Among the usual visits to businesses, charities and schools two from this week stand out. The Waight family has farmed around Enford for seven generations, since before the MOD acquired Salisbury Plain for its training area. On Friday James Waight took me high on the Plain to watch a herd of cows grazing with no fence in sight. Each animal had dangling from a chain around its neck what looked like a plastic Swiss cowbell; it was a GPS tracker, which emits a warning noise if the cow gets too close to a line drawn on a digital map around the area the farmer wants them in. Sure enough the cows never stray, and the Waights can respond easily to the Army’s frequent requests to move the herd to make way for their exercises. As we stood there, disconcertingly close and loud were the bangs and rattle of the guns of Op Interflex - the allied training programme for Ukrainian soldiers.

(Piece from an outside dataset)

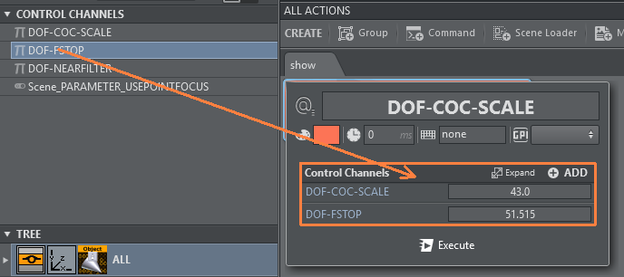 Control Object actions can be used by dragging a Control Object plug-in from the scene tree into the action canvas. It gives you a list of the Control Objects under the respective tree structure.

That afternoon I was on the scaffolding around the roof of Chisbury Chapel. Built in the 13th century on the site of an old iron age hill fort by some well-to-do lord of the manor to save his tenants the journey to church in Great Bedwyn, the chapel has just been re-roofed thanks to English Heritage and local thatchers Benjamin Thompson and Martin Dyamott. As no doubt you can tell from this photo they use the traditional ‘longstraw’ method, rather than the modern tricks involved in ‘combed wheat’ thatching. These are the things you learn as an MP.
The moment of this week I will never forget was standing outside Pewsey fire station as Mark Hillier’s coffin was borne out on a fire engine. Mark was killed in a road collision last month as he went to answer a call-out, leaving a young family and a community in grief. The street was lined with hundreds of silent firefighters, helmets at their feet, and the local public. We can never properly express our gratitude to the people who go towards danger on our behalf, or our sympathy for their families and friends; and so we develop rituals of presence and silence to convey what we feel, and want them to know.
Sometimes Britain’s streets are places of rage and confrontation. Sometimes, as in Pewsey and Ludgershall last week, they are what we sang on Sunday: ways of gentleness, and paths of peace.